Keep the CDC-enabled table count at or below 1,000 per task to avoid latency or instability.
Set the maximum write rate for CDC-enabled tables to 1,000 records per second.
Enabling CDC causes brief table locks (a few seconds) on the source database.

Incremental synchronization based on source database logs:

Only tables with clustered indexes that include primary key columns are supported.

Polling CDC instances:

The DTS account must have sysadmin role membership to enable database-level CDC. For table-level CDC, a privileged account is required.
- Microsoft Azure SQL Database (vCore model): all databases are supported. Azure SQL Database (DTU model): only databases with an S3 or higher service tier are supported.
- Amazon RDS for SQL Server: privileged accounts can enable CDC at the database level via stored procedures.
- Clustered columnstore indexes are not supported for CDC.
Maximum 1,000 tables per task.
Cannot add or remove columns more than twice per minute.
Do not modify CDC instances on the source database during synchronization — this may cause data loss.
CDC retains incremental data for 3 days by default. Use the same retention command as hybrid mode.
Enabling CDC causes brief table locks (a few seconds) on the source database.

General limitations

Schema synchronization supports databases, schemas, and tables. Views, triggers, and stored procedures are not synchronized in cross-database-engine scenarios.
Unsupported data types: TIMESTAMP, CURSOR, ROWVERSION, SQL_VARIANT, HIERARCHYID, POLYGON, GEOMETRY, and GEOGRAPHY.
If synchronized data contains 4-byte characters (rare characters or emojis), the destination database and tables must use the UTF8mb4 character set. Set the character_set_server parameter on the destination database to UTF8mb4.
DTS does not support complex DDL operations, DDL operations involving user-defined types, online DDL operations, or transactional DDL statements.
Do not perform reindexing during incremental synchronization — this may cause the task to fail and data may be lost. DTS also cannot synchronize DDL operations related to primary keys on CDC-enabled tables.
If DTS fails to write DDL statements to the destination database, the task continues running. View the failed DDL statements in task logs. See View task logs.
Full data synchronization uses concurrent INSERT operations, which causes fragmentation in destination tables. After full synchronization completes, the destination tablespace is larger than the source.
Before you synchronize data, evaluate the impact of data synchronization on the performance of the source and destination databases. We recommend that you synchronize data during off-peak hours. During initial full data synchronization, DTS uses the read and write resources of the source and destination databases, which may increase the loads on the database servers.
Do not write data from other sources to the destination database during synchronization. Doing so causes data inconsistency.
You cannot add or remove databases when modifying synchronization objects after the task starts.
If the source instance is an ApsaraDB RDS for SQL Server instance, DTS creates an account named rdsdt_dtsacct. Do not delete this account or change its password while the task runs.
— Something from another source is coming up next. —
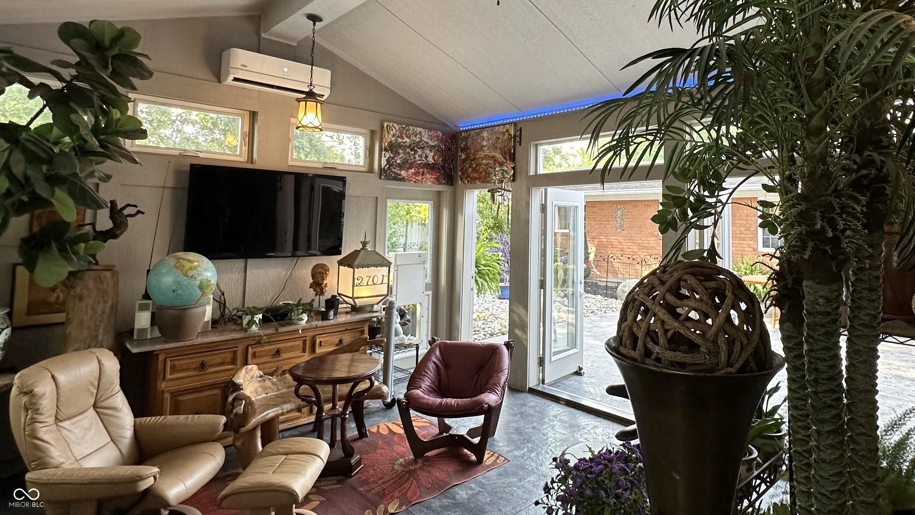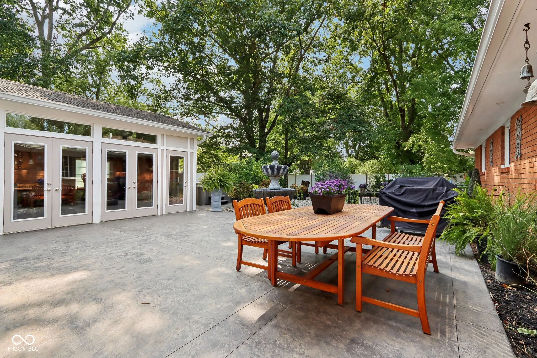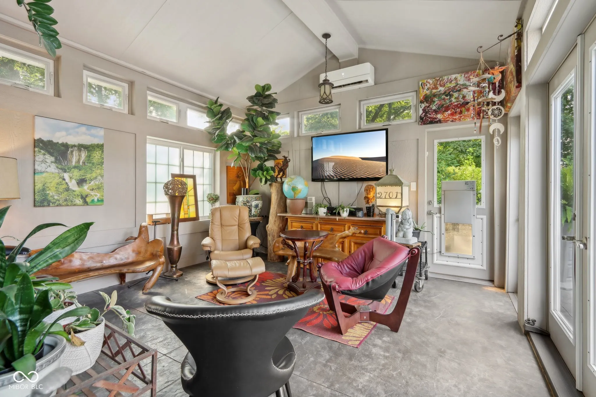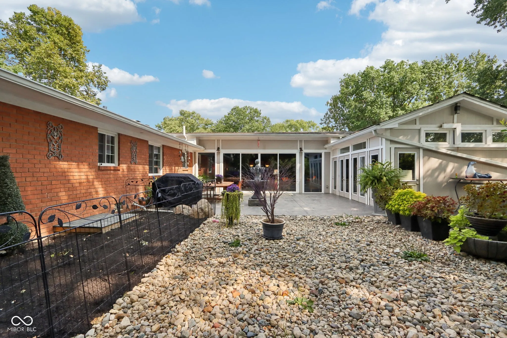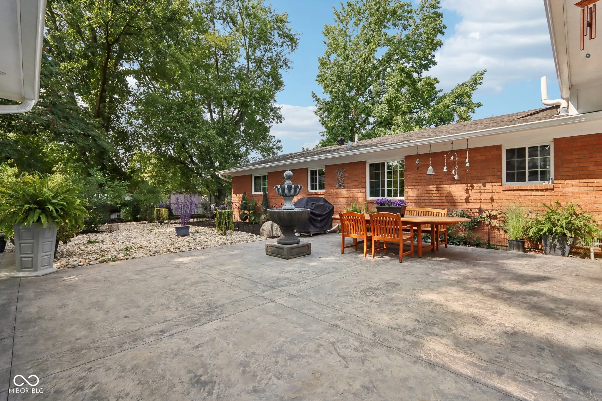Experience the magic of this extraordinary mid-century home, set on a beautifully landscaped half-acre lot in the sought-after Tanglewood neighborhood. Custom night lighting transforms the property into a private, enchanting retreat, while the fully enclosed backyard, complete with a bubbling fountain and hot tub offers a serene oasis for relaxation. Step inside to a seamless blend of mid-century charm and modern elegance, highlighted by a significant addition and renovation by an architect renown for mid-century detail. The expansive layout includes stunning design choices, all on a single level. Multiple spaces provide comfort and relaxation, including a cozy hearth room, a vaulted great room ideal for entertaining, and a lovely solarium where you can enjoy nature in comfort year-round. Other updated features include granite tile bathrooms, a towel warmer in the primary bath, a chef-designed kitchen, an outdoor shower, a tankless water heater. Conveniently located near some of the best shopping and dining in Indianapolis, this home also offers easy interstate access for maximum convenience. Washington Township schools. The heated garage has polyaspartic flooring, washer & dryer, utility sink and an ice machine. Pet owners will appreciate the thoughtful inclusion of an electronic pet door, adding to the many well-designed features of this exquisite home. This rare gem combines architectural excellence, modern luxury, and a prime location-an opportunity not to be missed!

For more information, see System accounts.
If a DTS task fails, DTS technical support attempts to restore it within 8 hours. During restoration, the task may be restarted and task parameters (not database parameters) may be modified.

Prepare the source database

Configure log settings on the self-managed SQL Server database before creating the synchronization task. If you are synchronizing from multiple databases, repeat these steps for each database.

Change the recovery model to Full. You can also do this in SQL Server Management Studio (SSMS). See View or Change the Recovery Model of a Database (SQL Server).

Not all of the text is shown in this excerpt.